В ночь на сегодня совершил первую небольшую поездку по материковому льду Антарктиды. Мы выехали на трех «Пингвинах» — два из них тянули сани с грузом мяса. Мы должны были добраться до первого склада, расположенного в двадцати километрах к югу от Мирного, по пути к Комсомольской, Пионерской и Востоку. Кроме водителей и радистов с нами отправились Трёшников, главный инженер экспедиции Парфёнов и начальник наземного транспорта Бурханов. Я сидел в третьей машине, в «Пингвине» э 1, водителем которой был Станислав Ромакин, а радистом Илья Журейко.

Мы направляемся на юг-запад, справа ещё видно море Дейвиса с его белой ледяной спиной, обращённой к материку, и тёмной водой вдали. Затем дорога поворачивает на юг. Лёд все выше вздымается над уровнем моря, размеренно и неторопливо взбегая вверх чуть приметными волнами. Тут он гладкий и целый, без разводьев. Видишь один лишь белый снег, широкие синеватые следы головных саней и самые сани с горой мяса на них. И синее небо, залитое мирным светом солнца, прячущегося за куполом Антарктиды. Единственное живое существо — это похожий на нашу ласточку маленький снежный буревестник, который кружит перед самым «Пингвином». Радисты говорят, что эти птички попадаются на материке в пятидесяти километрах от берега. Любопытно, что их туда манит, — там ведь нет ни комаров, ни жуков, словом, ничего, кроме свежего морозного воздуха, льда и неба. Если в Мирном температура минус один градус, то в десяти километрах от него она уже падает до 15 градусов. Ветер стал крепче и холоднее, по льду стального цвета пробегают низкие параллельные волны метели.

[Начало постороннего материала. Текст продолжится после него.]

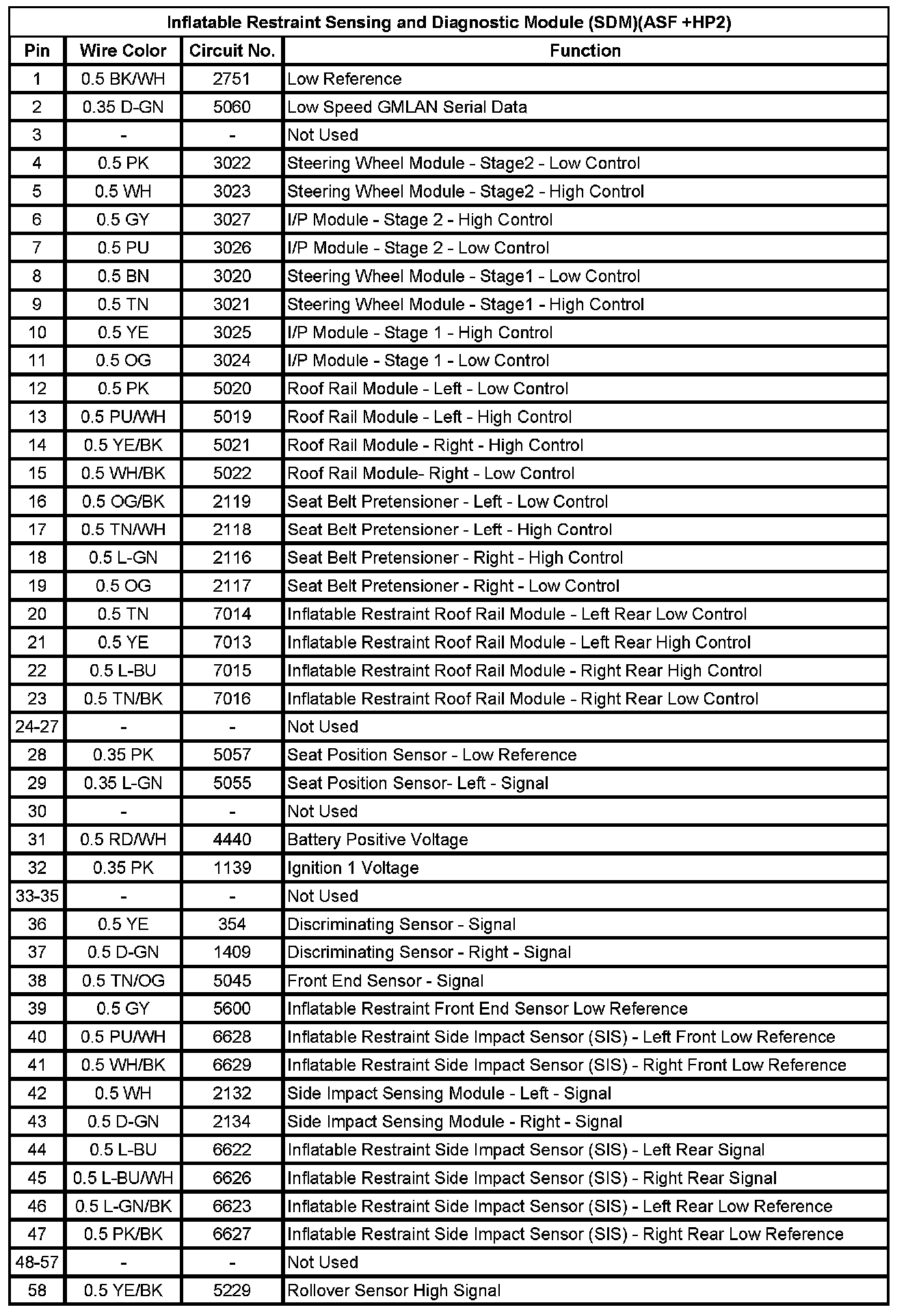 Inflatable Restraint Sensing And Diagnostic Module (SDM)(ASF +HP2) (Pin 1 To 58):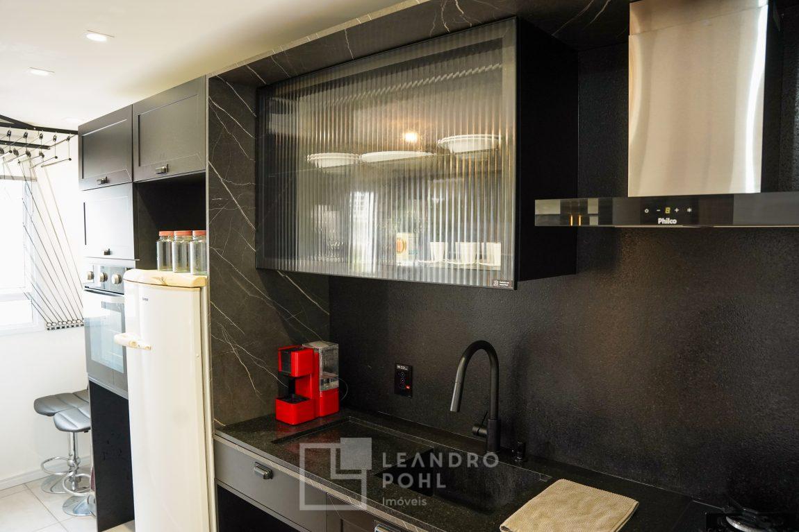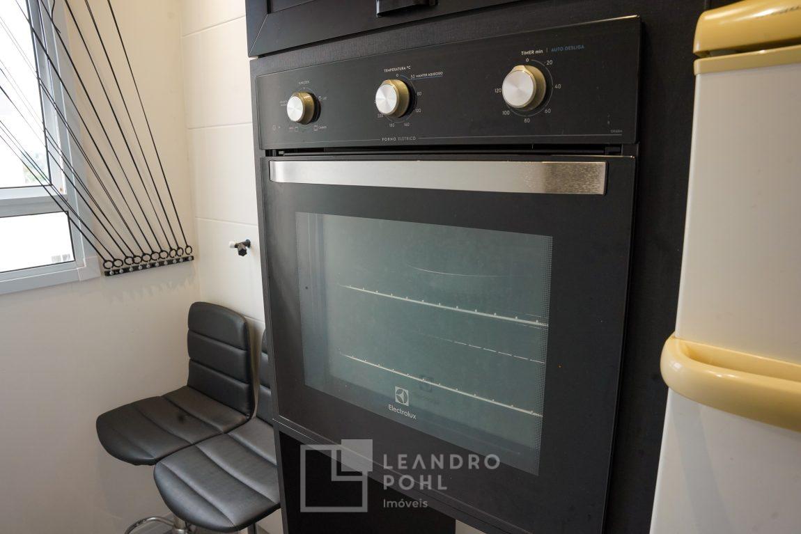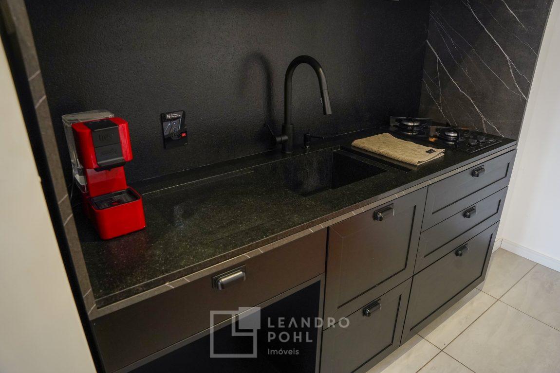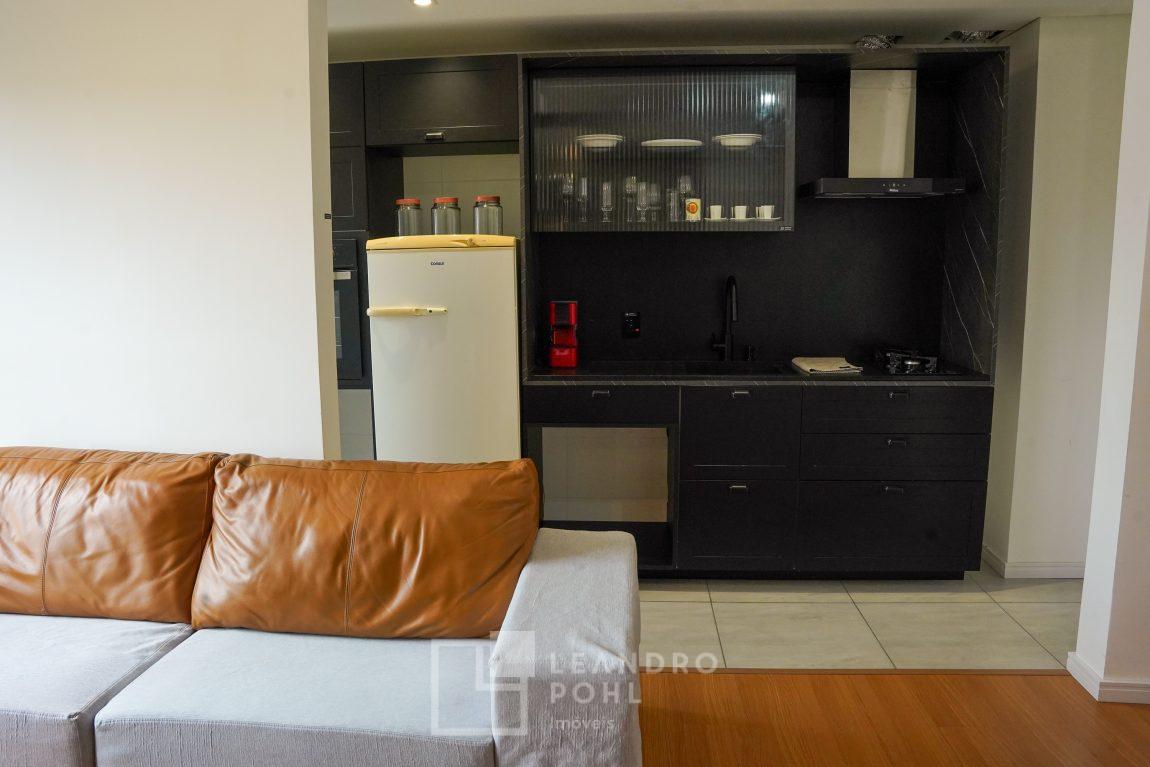 Ar condicionado 12btus, Móveis sob medida e sofá de couro, TV Smart 32" Lareira ecológica, persianas rolo Hunter Douglas, cama Queen (158 X 198cm).

«Пингвины» вместительны. В носовой части расположен щиток приборов со всевозможными измерителями, невысокое сиденье для водителя, радиопередатчик и приёмник. В кузове пол более высокий, тут стоят стол и стулья, обитые зеленой клеёнкой. В задней части расположен внизу мотор. Над ним ниша, в которой можно спать или хранить весьма объёмистый груз.

Видимость из «Пингвина» плохая, хуже, чем из любой другой машины, передвигающейся по льду. Лишь прямоугольное окно перед водителем сравнительно большое и необмерзающее. Из высоких же иллюминаторов по обеим сторонам не обмерзают только правые. Иллюминаторы в боковых дверях тоже обмерзают. Водитель не видит, что делается с буксируемыми санями, — задний иллюминатор находится слишком далеко от него и высоко и тоже, как правило, обмерзает. Это один из недостатков «Пингвина».

При здешнем снеге и бездорожье двести сорок лошадиных сил не ахти какая мощь. Нам было видно, что «Пингвинам», идущим впереди, нелегко тащить свои сани. Разумеется, без саней и на более или менее приличном льду «Пингвин» без особого труда проходит по двадцати километров в час и больше. Это неплохо. Пока машины только испытываются, и главные экзамены по преодолению материковых льдов у них ещё впереди.

Два передних «Пингвина» благополучно доставили свою кладь на 20-й километр. Мы туда не добрались. Примерно в двенадцати километрах от Мирного отказал мотор. Наш радист связался с Мирным, а потом с двумя другими «Пингвинами», чтобы посоветоваться с их водителями. Затем мотор заработал снова, мы проехали ещё с километр, но после этого антифриз закипел, ниша над мотором наполнилась паром, и на этот раз мы стали окончательно. Ромакин принялся чинить машину, а мы с радистом легли на стулья поспать. Последнее, что я видел перед тем как заснуть, — это синее небо сквозь открытый люк в потолке и радист, который сдирал с головы звукоизолирующие наушники.

Мы пересели на «Пингвин», возвратившийся с 20-го километра. У Мирного, на бугристой дороге, изъезженной тракторами, он нёсся с максимальной скоростью. Трясло так, что о сне и думать было нечего.

10 января 1958

Сегодня в полдень «Обь» и «Кооперация» покинули рейд Мирного. Более мощная «Обь» прошла по прежнему каналу впереди, а «Кооперация» — следом. Их прощальные гудки были едва слышны в Мирном. Белый корпус «Кооперации» закрывал идущую впереди «Обь», а потом оба корабля слились в одно расплывчатое пятно и вскоре пропали из виду.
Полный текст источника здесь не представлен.